The civilian labor force participation rate was little changed in November at 65.0%. The employment-population ratio was unchanged at 58.5%.

The number of people working part time for economic reasons (sometimes referred to as involuntary part-time workers) was little changed in November at 9.2 million. These individuals were working part time because their hours had been cut back or because they were unable to find a full-time job.

About 2.3 million persons were marginally attached to the labor force in November, an increase of 376,000 from a year earlier. (The data are not seasonally adjusted.) These individuals were not in the labor force, wanted and were available for work, and had looked for a job sometime in the prior 12 months. They were not counted as unemployed because they had not searched for work in the 4 weeks preceding the survey.

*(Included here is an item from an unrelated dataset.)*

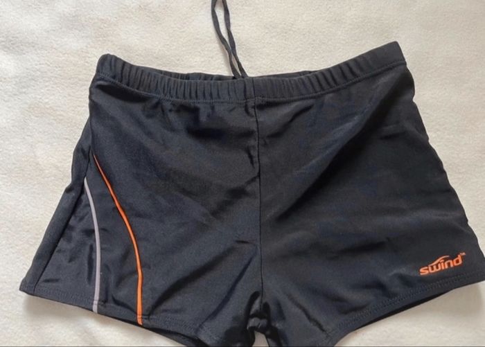 Vends ce maillot de bain type Shorty pour garçon marque Swind Couleur Noir et bandes orange et gris sur le côté étiquette de taille 12 14 ans mais taille plus petit, plutôt 10 ans demie largeur à la taille 27 cm longueur 23 cm 1,5 euros Mes autres annonces de vêtements ou accessoires pour garçon de 10 à 12 ans #lma42accessoire #lma42garcon12 #lma42garcon10 #lma42garcon11 #lma42sport

Among the marginally attached, there were 861,000 discouraged workers in November, up from 608,000 a year earlier. (The data are not seasonally adjusted.) Discouraged workers are persons not currently looking for work because they believe no jobs are available for them. The remaining 1.5 million persons marginally attached to the labor force had not searched for work in the 4 weeks preceding the survey for reasons such as school attendance or family responsibilities.